- [WHAT TO WORK ON] Exclude the pictures, then copy word for word the lines running from the beginning of the records through the line with "모조 양고기 양털 가을과".

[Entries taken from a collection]
————————

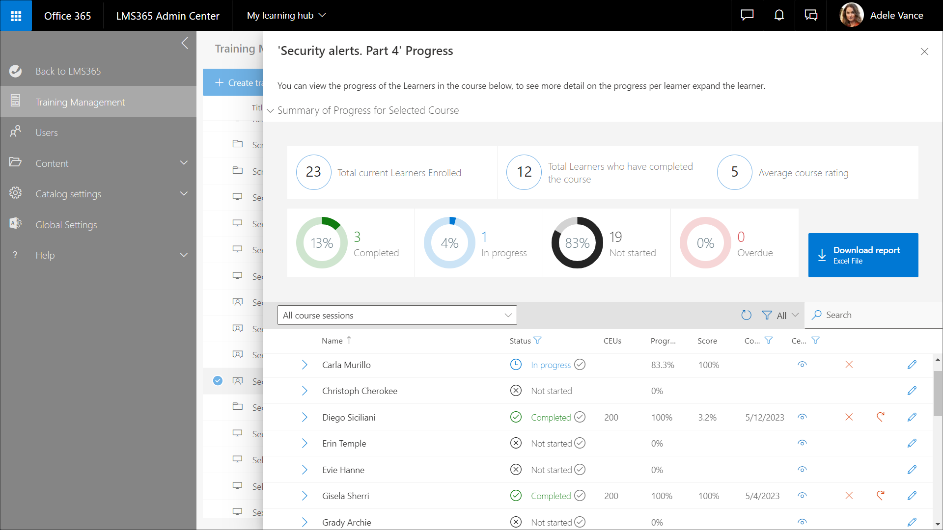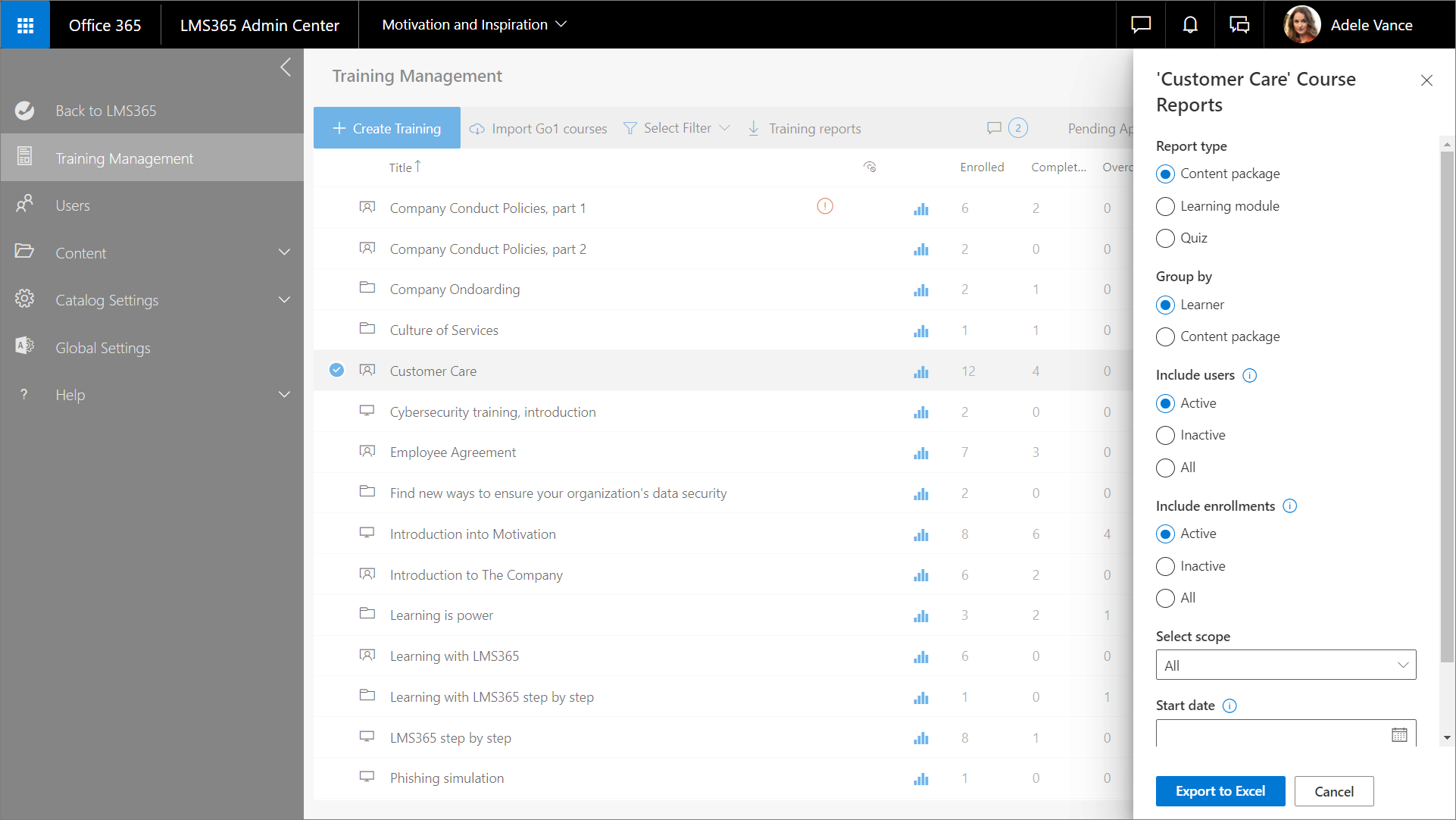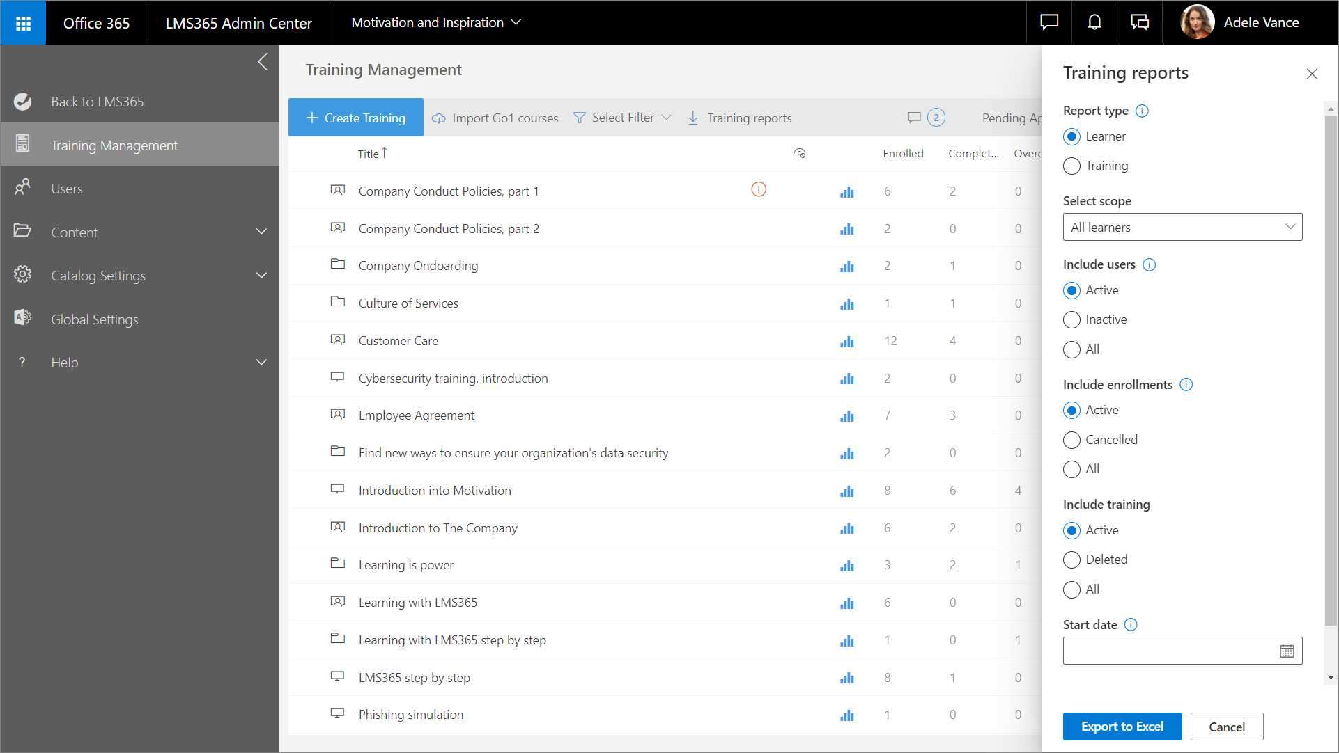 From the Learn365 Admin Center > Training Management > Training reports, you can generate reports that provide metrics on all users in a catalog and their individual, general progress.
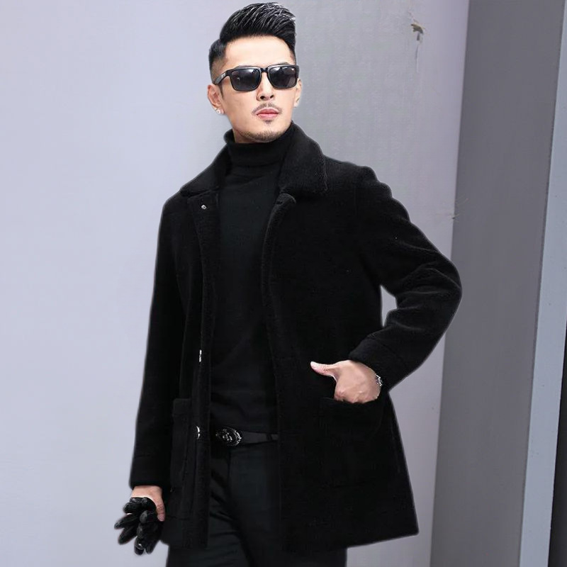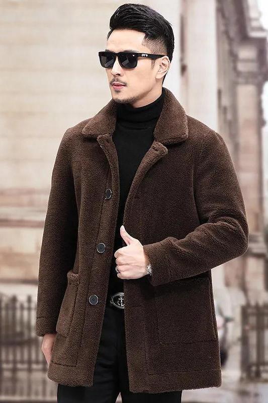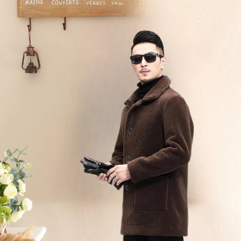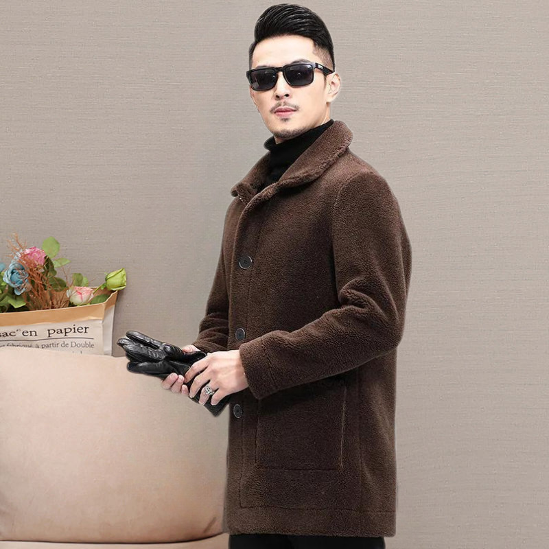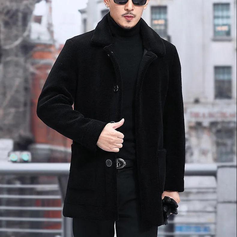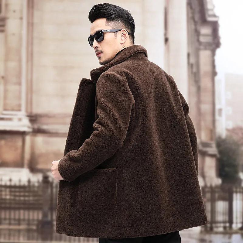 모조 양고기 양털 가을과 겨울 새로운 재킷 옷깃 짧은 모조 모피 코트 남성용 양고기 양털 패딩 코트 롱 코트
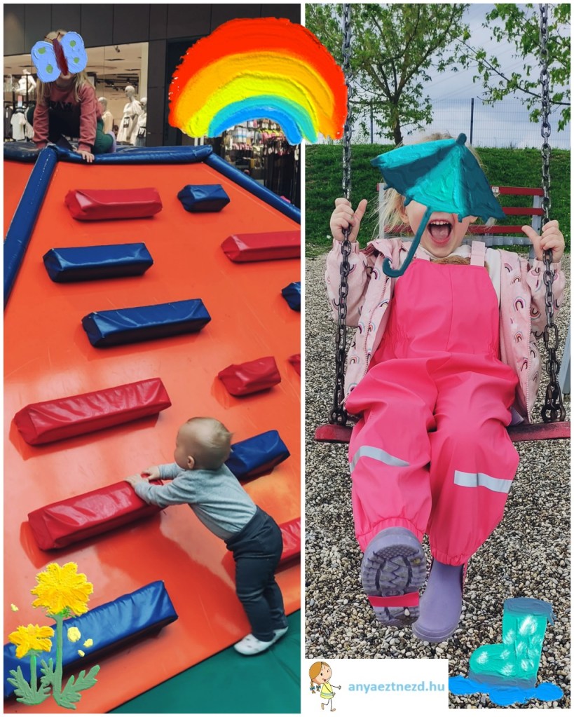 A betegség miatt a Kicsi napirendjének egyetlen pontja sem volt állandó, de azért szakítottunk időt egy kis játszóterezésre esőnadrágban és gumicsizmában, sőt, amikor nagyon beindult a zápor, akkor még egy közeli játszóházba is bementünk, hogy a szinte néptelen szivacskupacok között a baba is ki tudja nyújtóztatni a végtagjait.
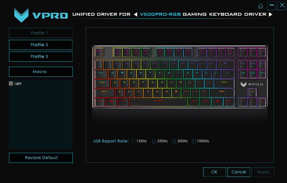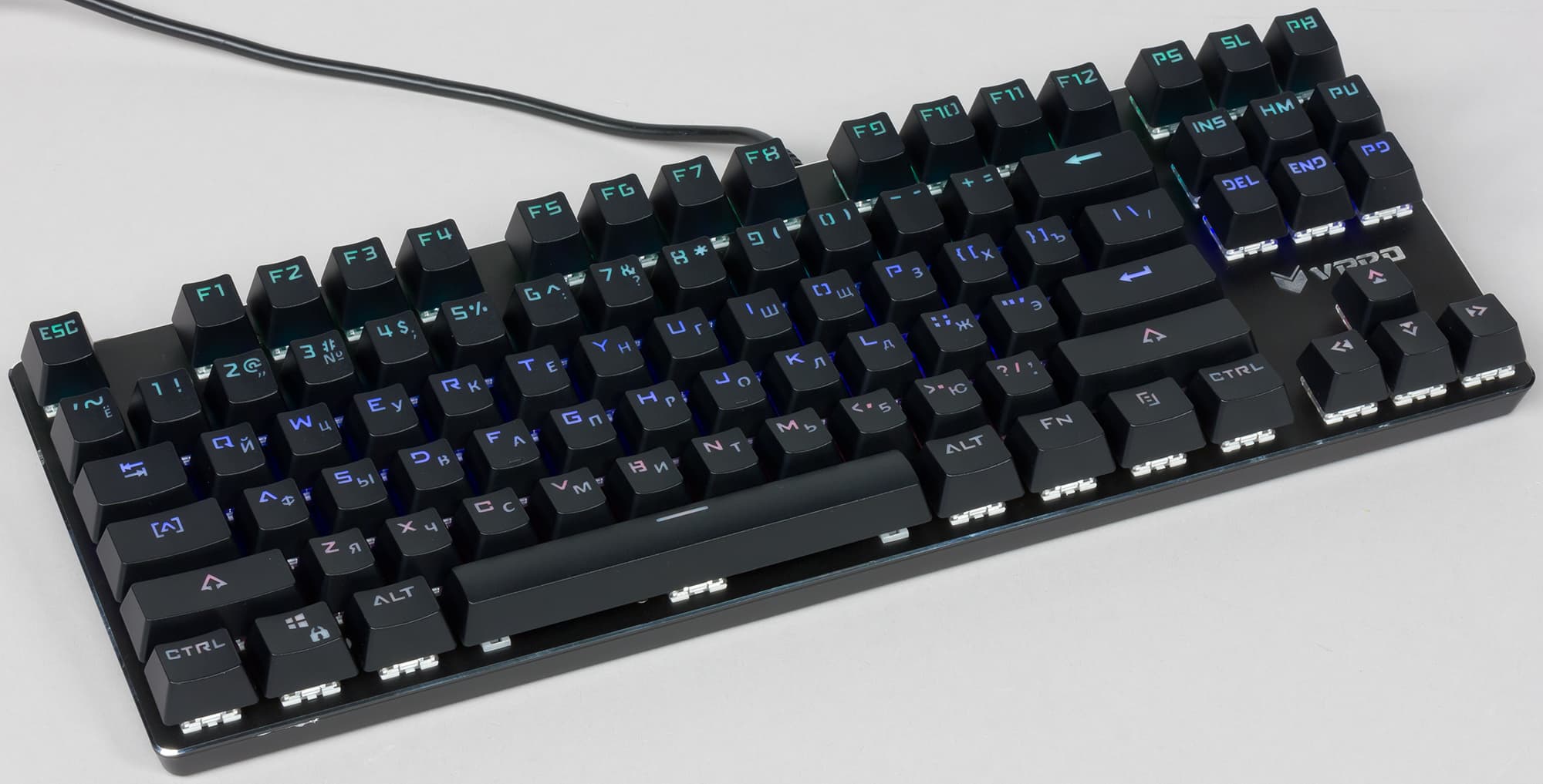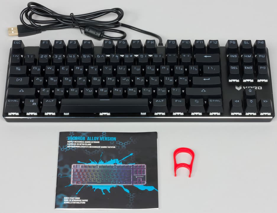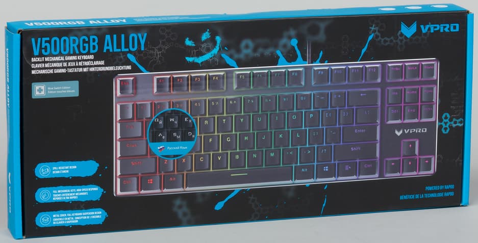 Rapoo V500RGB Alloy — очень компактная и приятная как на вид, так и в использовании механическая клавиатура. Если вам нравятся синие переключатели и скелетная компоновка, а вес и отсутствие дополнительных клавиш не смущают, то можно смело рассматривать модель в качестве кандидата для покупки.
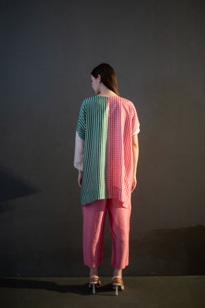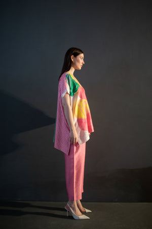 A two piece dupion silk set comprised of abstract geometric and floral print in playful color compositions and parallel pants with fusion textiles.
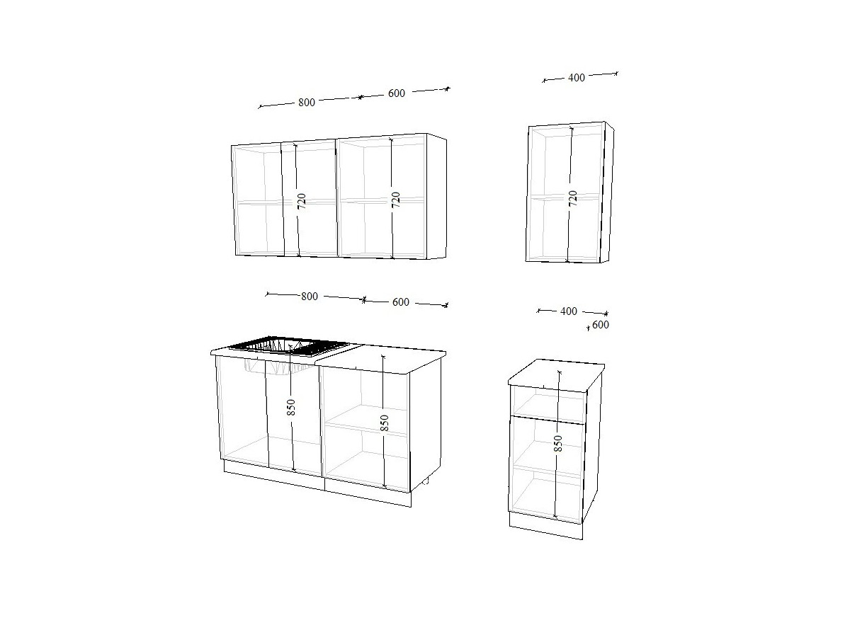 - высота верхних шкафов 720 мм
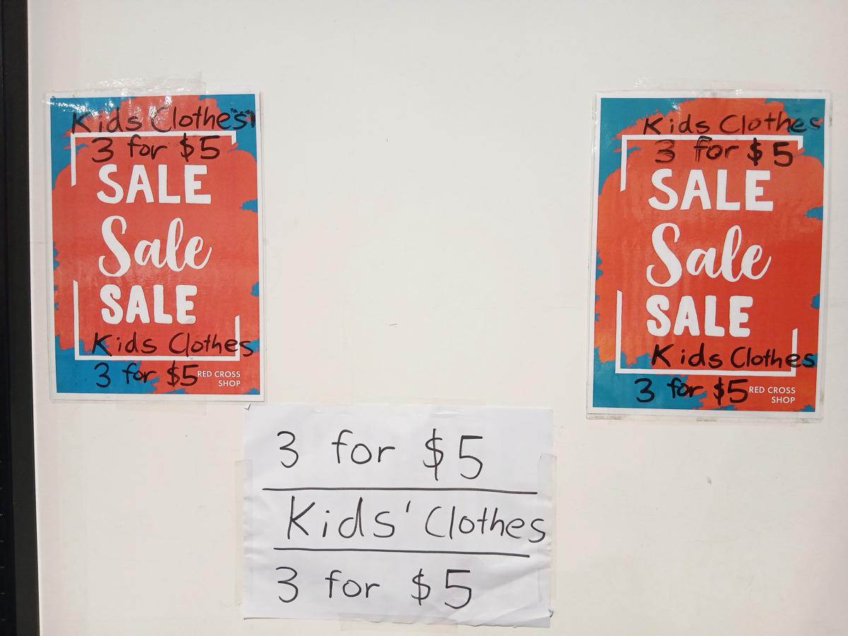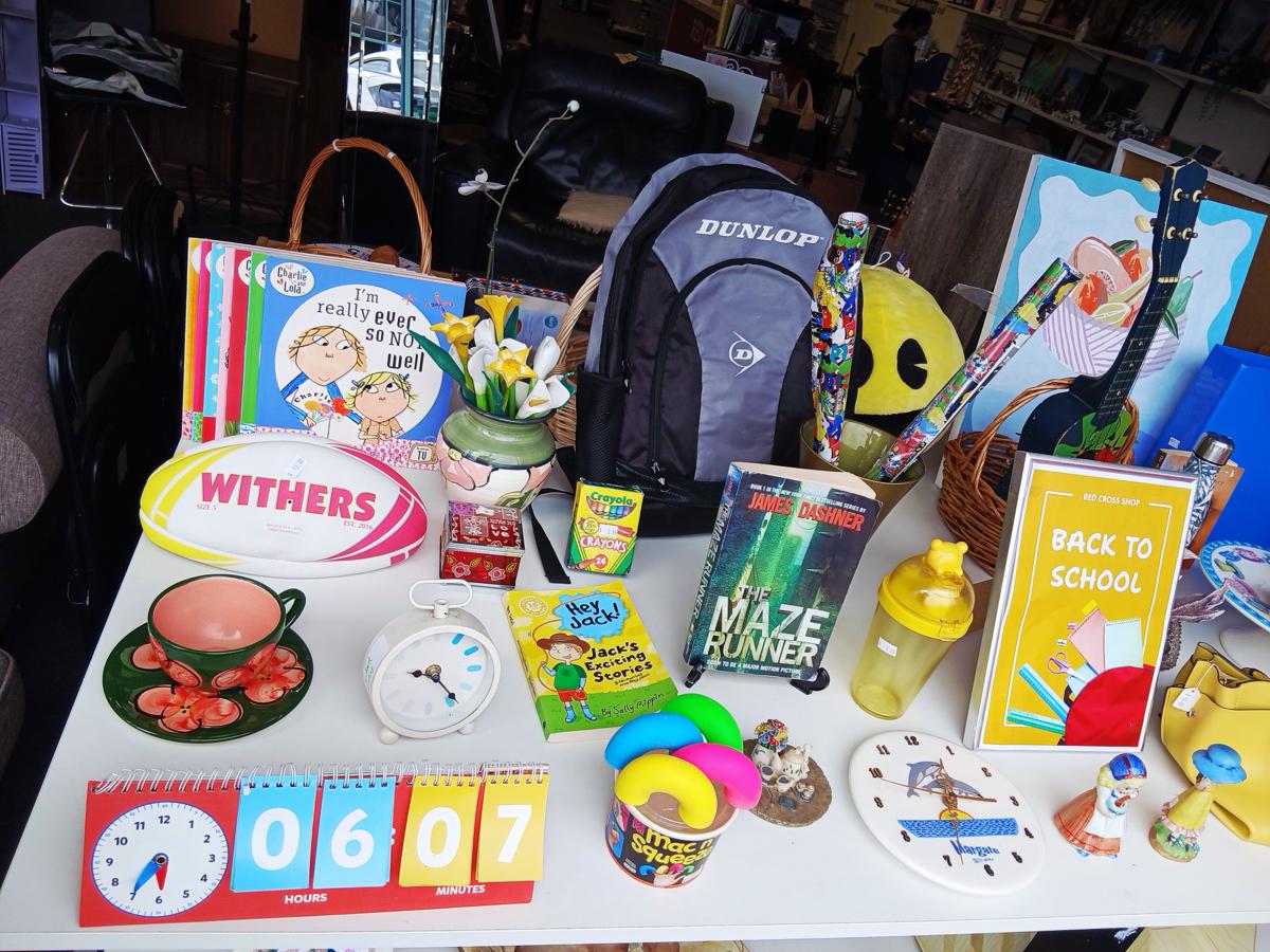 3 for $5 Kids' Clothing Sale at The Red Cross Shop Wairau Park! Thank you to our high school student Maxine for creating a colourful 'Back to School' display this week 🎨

————————

- [RESULT FOR THIS EXERCISE]
 From the Learn365 Admin Center > Training Management > Training reports, you can generate reports that provide metrics on all users in a catalog and their individual, general progress.
 모조 양고기 양털 가을과 겨울 새로운 재킷 옷깃 짧은 모조 모피 코트 남성용 양고기 양털 패딩 코트 롱 코트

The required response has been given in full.